Depending on the actual situation of the video, you can also use the blank interval between 2 subtitles. First, try to accelerate the audio within the blank interval time specified by the subtitles without accelerating the audio. If it can be played normally, there is no need to accelerate, which will be better. Of course, the disadvantage is that the video screen has finished speaking, but the actual audio is still playing.

Synthesis and Output

After completing the above steps, embed the translated subtitles and dubbing into the original video. This can be easily achieved using tools such as ffmpeg. The final generated video file completes the translation process.

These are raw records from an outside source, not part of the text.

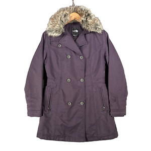 Giacca North Face donna XS viola parka doppiopetto collo pelliccia cappotto imbottito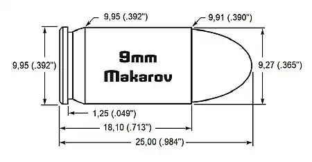 Os calibres na URSS eram medidos entre os "cheios" do estriamento e não entre os "fundos". Como tal, a munição 9×18mm Makarov usa uma bala de diâmetro maior do que outros cartuchos de 9 mm comuns, medindo 9,27 mm (0,365 pol.), Em comparação com 9,017 mm (0,355 pol.) do 9×19mm Parabellum. Após sua introdução em 1951, a munição 9×18mm Makarov se espalhou pelas forças armadas das nações do bloco oriental.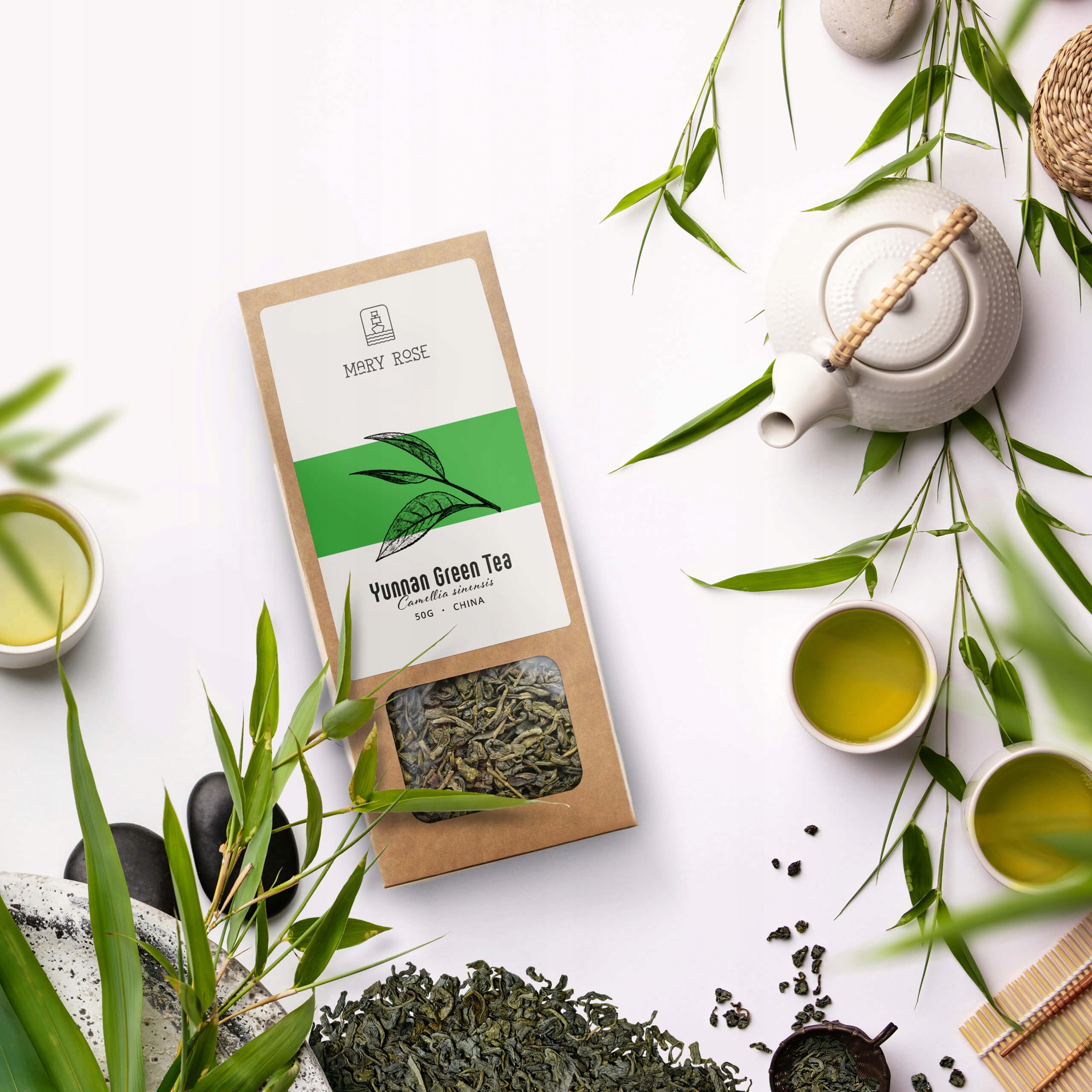 Зелений чай Мері Роуз Юньнан походить з Китаю, з однойменної провінції. Він має характерні, прокатані середньо -розміщені листя, які розвиваються після затоплення теплою водою. Інфузія, виготовлена з нього, має приємний, мідний колір, виразний аромат та інтенсивний смак, саме тому він часто поєднується з різними доповненнями. Додаткова інформація: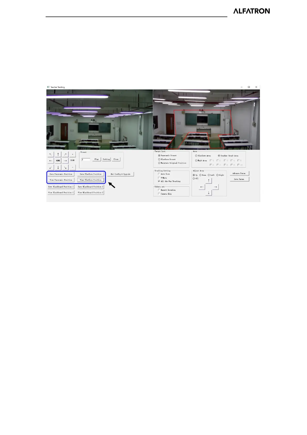 Panoramic preset: Control tracking camera to allow it to have a panoramic view of the classroom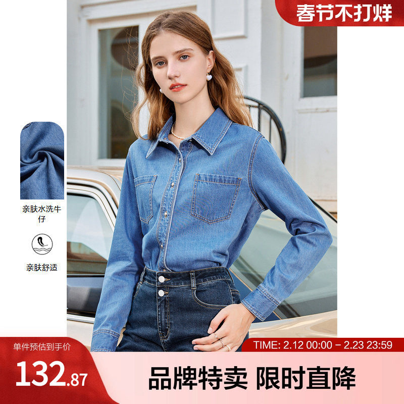佐丹奴牛仔衬衫女新款复古风纯棉洗水单口袋长袖牛仔衬衣13345862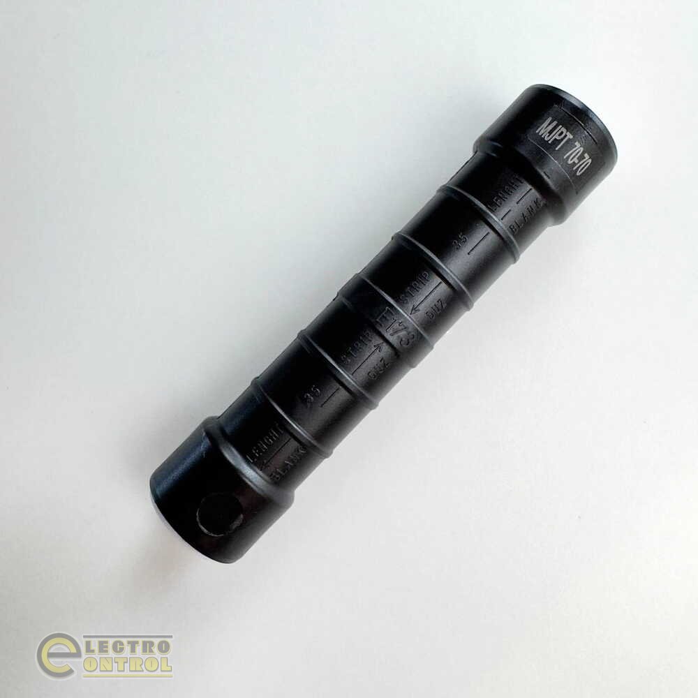 Ізольована гільза MJPT-25 від Termofit призначена для міцного й герметичного з'єднання алюмінієвих провідників у самонесучих ізольованих проводах (СІП). Це рішення підходить для анкерних опор, прольотів і з'єднань із підвищеними вимогами до герметичності.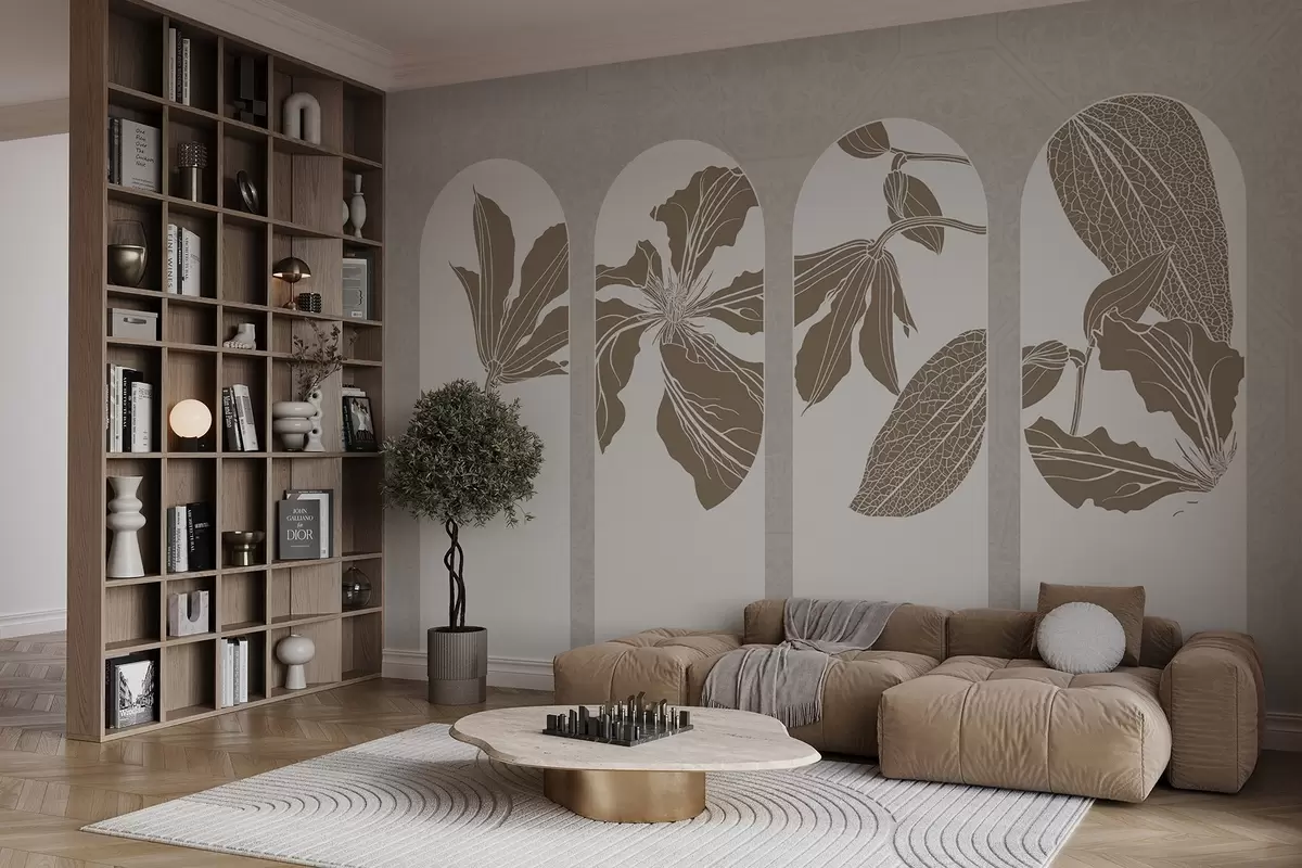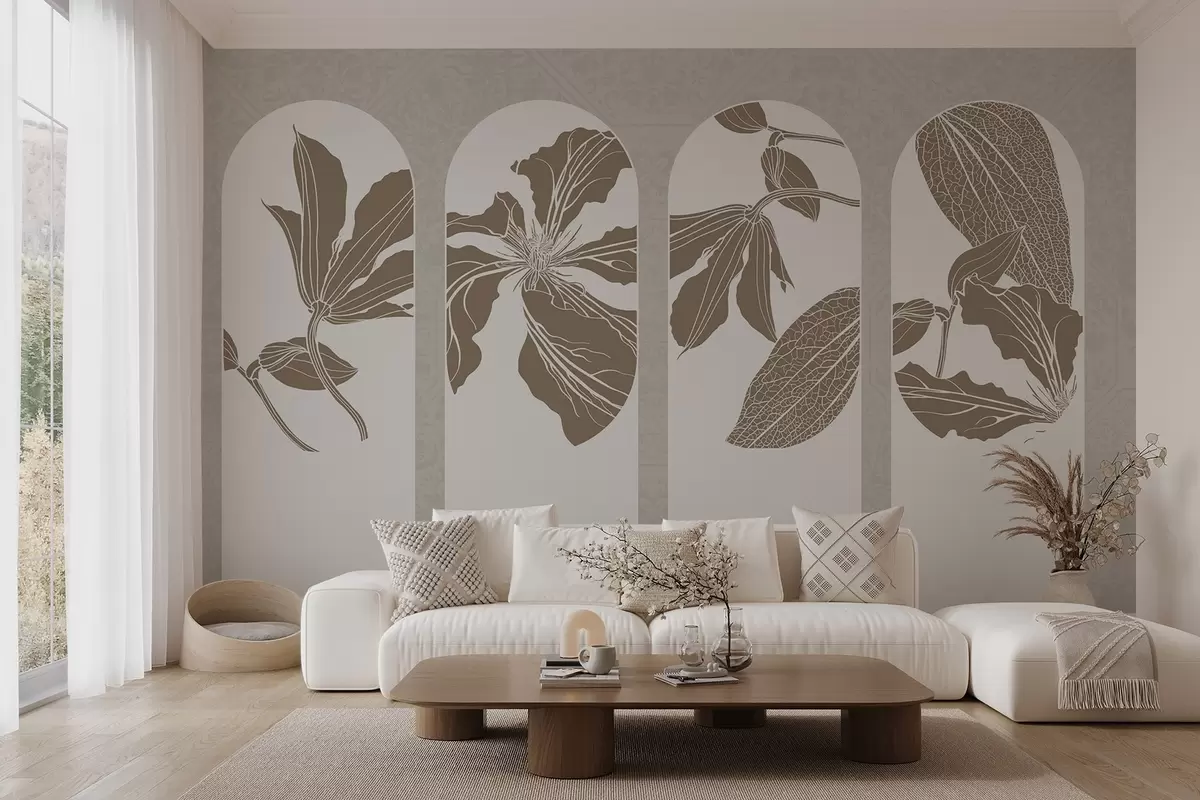 murales de pared Elegantes arcos con diseños florales en beige y blanco, sobre fondo beige texturado, estilo minimalista w08866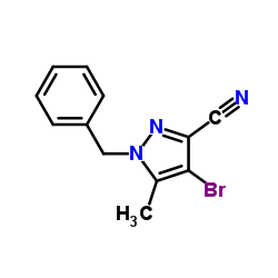 Synonyms:1-Benzyl-4-bromo-5-methyl-1H-pyrazole-3-carbonitrile, 1-benzyl-4-bromo-5-methylpyrazole-3-carbonitrile, 1H-Pyrazole-3-carbonitrile, 4-bromo-5-methyl-1-(phenylmethyl)-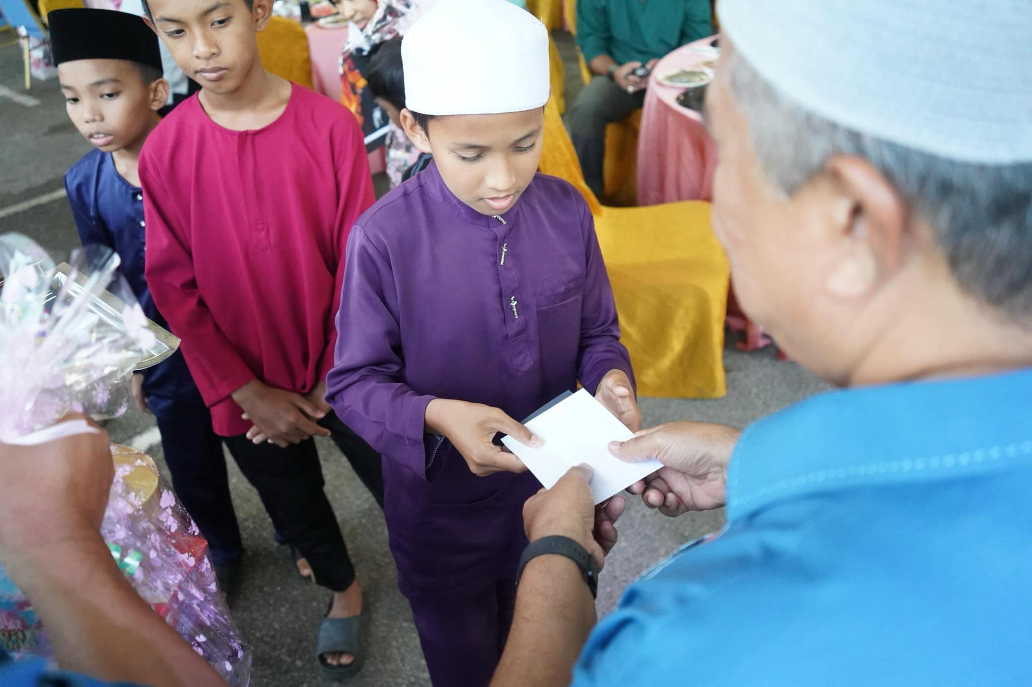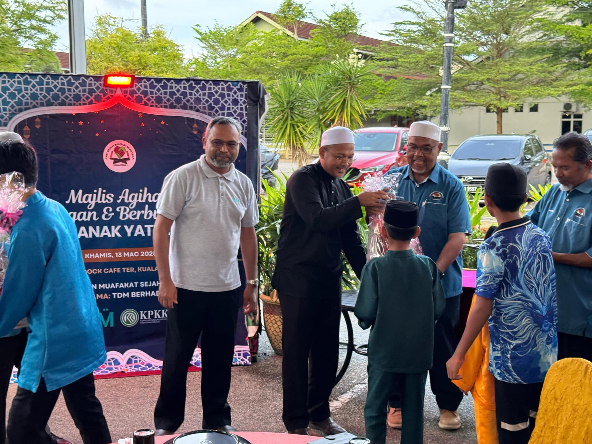Kumpulan Pengurusan Kayu Kayan Trengganu (KPKKT) participated in the Iftar with Orphans and Asnaf event held at Paddock Café, Terengganu Equestrian Resort. The program, organized by Pertubuhan Muafakat Sejahtera Terengganu, celebrated and brought joy to 40 orphans and asnaf from the constituencies of Rhu Rendang, Buluh Gading, Manir, and Pengkalan Berangan. The children received duit raya and festive hampers, personally handed over by Mr. Mohd Roslan bin Mamat, Chief Executive Officer of Golden Pharos Berhad. The event was further graced by the presence of YBhg. Dato’ Yahaya bin Ali, Chairman of Muafakat Sejahtera Terengganu and Golden Pharos Berhad, along with Mr. Ahmad Bazli Razali, Deputy General Manager of KPKKT.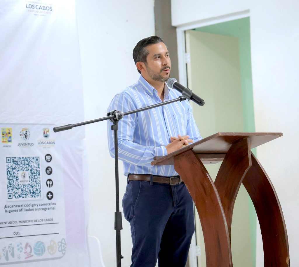 Los Cabos, Baja California Sur.- Con el objetivo de impulsar el bienestar, la participación y el desarrollo integral de las juventudes, el XV Ayuntamiento de Los Cabos, a través del Instituto de la Juventud (INJUVE), llevó a cabo la primera entrega del programa “Tarjeta Joven” en las instalaciones del Cobach 04 de Cabo San Lucas, con la presencia del director municipal de Gobierno Amado Ruiz Espinoza en representación del alcalde Christian Agúndez Gómez y el director general del INJUVE José Luis Gutiérrez Crespo.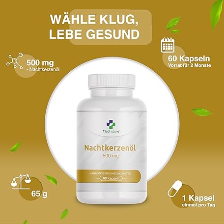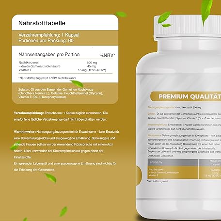Sản phẩm Evening Primrose Oil - 60 Capsules - High Dose of 500 mg per Capsule - Premium: 9% Gamma Linolenic Acid GLA, with Natural Vitamin E and Cold Pressed - Laboratory Tested đang được bán với giá ưu đãi là $11.6848 tại nước Đức.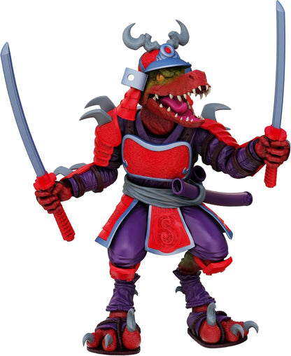 Saurozoic Warriors are battling dinosaur fighters inspired by the old skool action figures of the 90’s! Each fully articulated figure is 6-inch scale and comes with a full range of wild accessories. Charged with carrying out the will of their shogun, the Sokudo Legion is on a mission to destroy the rebellious Staze Akiden! This army of vicious fighters is said to be impossible to best with swords, and if that wasn’t bad enough, they’ve been equipped with shuriken guns to rain spinning blades on any battlefield. Figure has 29 points of articulation and includes helmet, rapid fire shuriken gun, long sword with sheath, and short sword with sheath.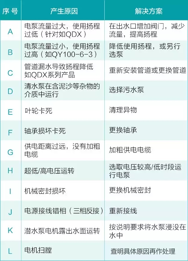 處理方法:裝穩(wěn)水泵或降低水泵的安裝高度;更換電機(jī)滾珠軸承;矯正彎曲的水泵主軸或調(diào)整好水泵與電機(jī)的相對(duì)位置。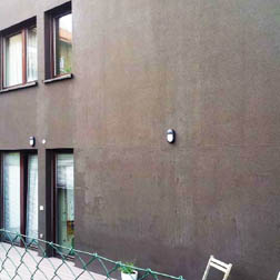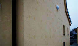 Zcela jinou příčinu nestejnoměrného zbarvení fasády měly další případy. Na posuzovaných objektech se až po několika letech od realizace začaly objevovat menší či větší neohraničené plochy s výrazně světlejším zbarvením než okolní odstín.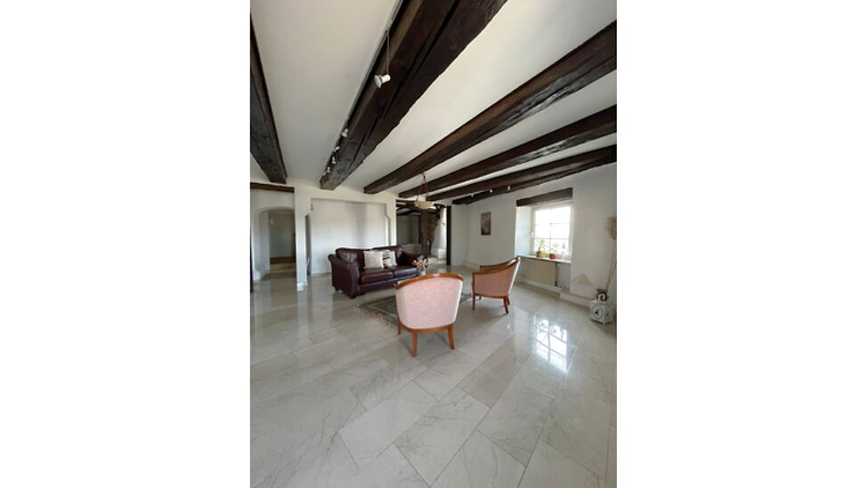 Die loftartige Wohnung mit 4 1/2 Zimmern liegt in einem historischen Gebäude und wurde sehr geschmackvoll und hochwertig renoviert. Zentrumsnah, grandioser Weitblick über das Birstal, viel Natur.
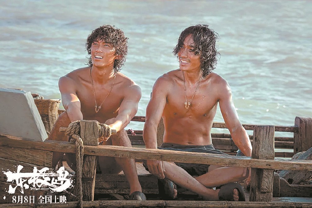 《東極島》劇照,朱一龍(右)飾演阿赑,吳磊飾演阿蕩。兄弟倆從最初為生存出海,到目睹日軍暴行后主動承擔(dān)責(zé)任,最終成為救援主力,主打“平凡人變英雄”的成長線。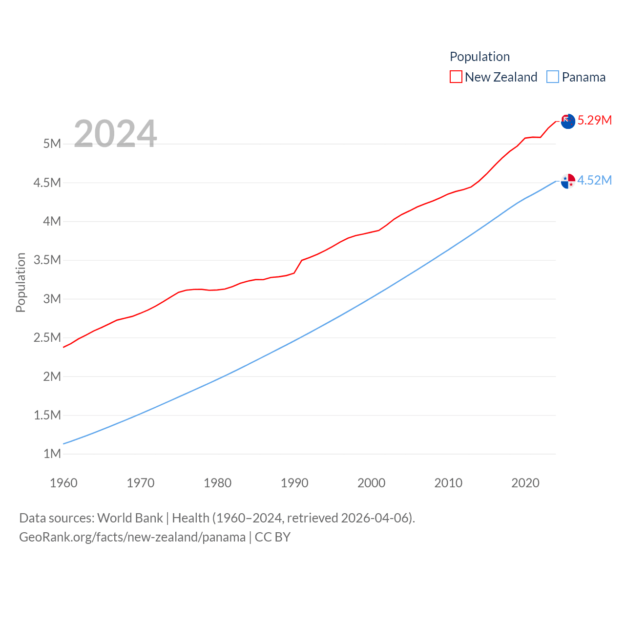 New Zealand has a population of 5.29M (ranked 123/197), compared with 4.52M in Panama (ranked 128/197). New Zealand's land area is 101,665 sq mi versus 28,641 sq mi for Panama (ranked 74th vs. 115th).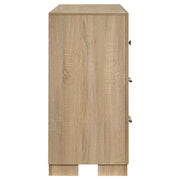 A study in understated elegance, this six-drawer dresser blends modern simplicity with everyday functionality. Its streamlined profile is finished in a soft light oak hue, complemented by antique nickel hardware for a subtle touch of shine. Crafted from engineered wood and finished in a scratch-resistant laminate veneer, it offers durability and beauty in equal measure. Six English dovetail drawers glide effortlessly on metal extension glides for seamless storage. Key Features: • Six-drawer dresser with modern lines and light oak finish for relaxed sophistication • Antique nickel hardware provides a subtle metallic accent to each drawer front • All drawers built with English dovetail joinery for added structure and durability • Smooth-gliding drawers with 35mm full-extension metal glides for daily function • Engineered wood frame wrapped in a scratch-resistant laminate veneer finish • Spacious surface and drawer layout offer functional bedroom clothing storage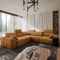 Narożnik z funkcją spania Tesalia III miodowy prawostronny komfortowy narożnik z przesuwanym oparciem dwa pojemniki na pościel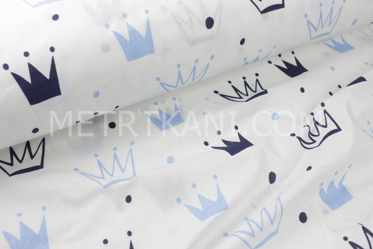 Ткань хлопковая "Короны" голубые и синие на белом №1021, Синий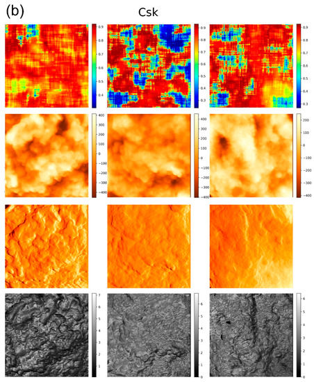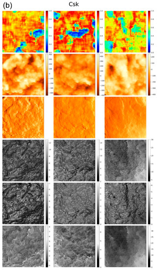 23]. Examples of these parameters are as follows: roughness average, root mean square (RMS), surface skewness, surface kurtosis, etc. Definitions and abbreviations for these parameters are standard. Commercial software (SPIP by Image Metrology A/S, Denmark) was used to calculate all those parameters. This conversion substantially decreases the dimension of the data space. Instead of 512 × 512 pixels per image, each image is now characterized with ~40 surface parameters.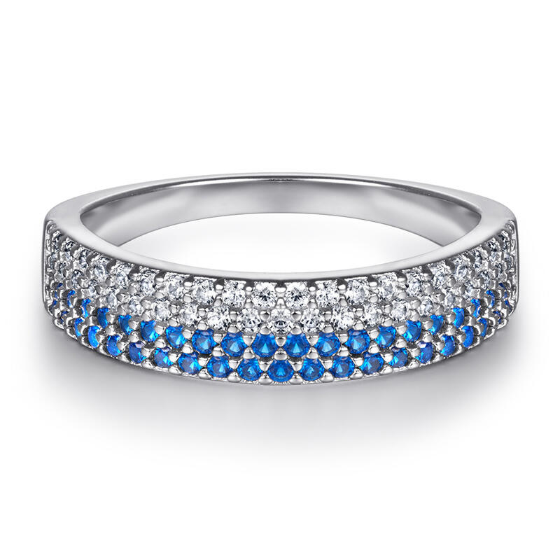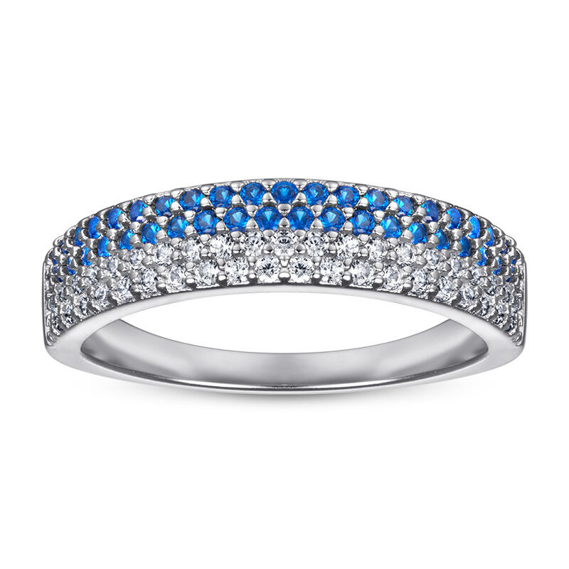 Jeulia Blue and White Four Row Sterling Silver Women's Band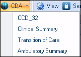 b. CDA will export a CCD, Clinical Summary, Transfer of Care, or an Ambulatory Summary based upon your choice from the drop down list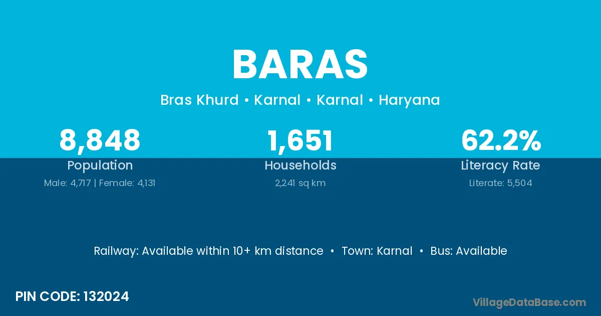 The literacy rate of Baras village is 62.61%. Male literacy stands at 72.89% and female literacy at 52.10%.

ffmpeg -y -i 原视频.mp4 -i 配音音频.m4a -c:v libx264 -c:a aac -vf subtitles=字幕.srt out.mp4

Difficult to Solve Problems: Multiple Speaker Recognition

Speaker role recognition, that is, synthesizing different dubbing according to different character roles in the video, involves speaker recognition and requires pre-specifying several speaker roles. It is barely suitable for ordinary one- or two-person dialogues, but for most videos, it is difficult to determine several speaker roles in advance, and the final synthesized effect is also very poor, so this part has not been considered for the time being.

Summary

The above is just a simple process principle. In fact, to achieve good translation results, there are many points to pay attention to, such as the pre-processing of the original video input format (mov/mp4/avi/mkv), splitting the video into audio and silent video, separating human voice from background noise in the audio, processing the results of batch translation to speed up subtitle translation, re-splitting when blank lines appear in subtitles, generating and embedding dual subtitles, and so on.

Through this series of steps, the video translation task can be successfully completed, seamlessly converting video content into the target language. Although there may be some technical challenges in the process, with the continuous progress and optimization of technology, the quality and efficiency of video translation are expected to be further improved in the future.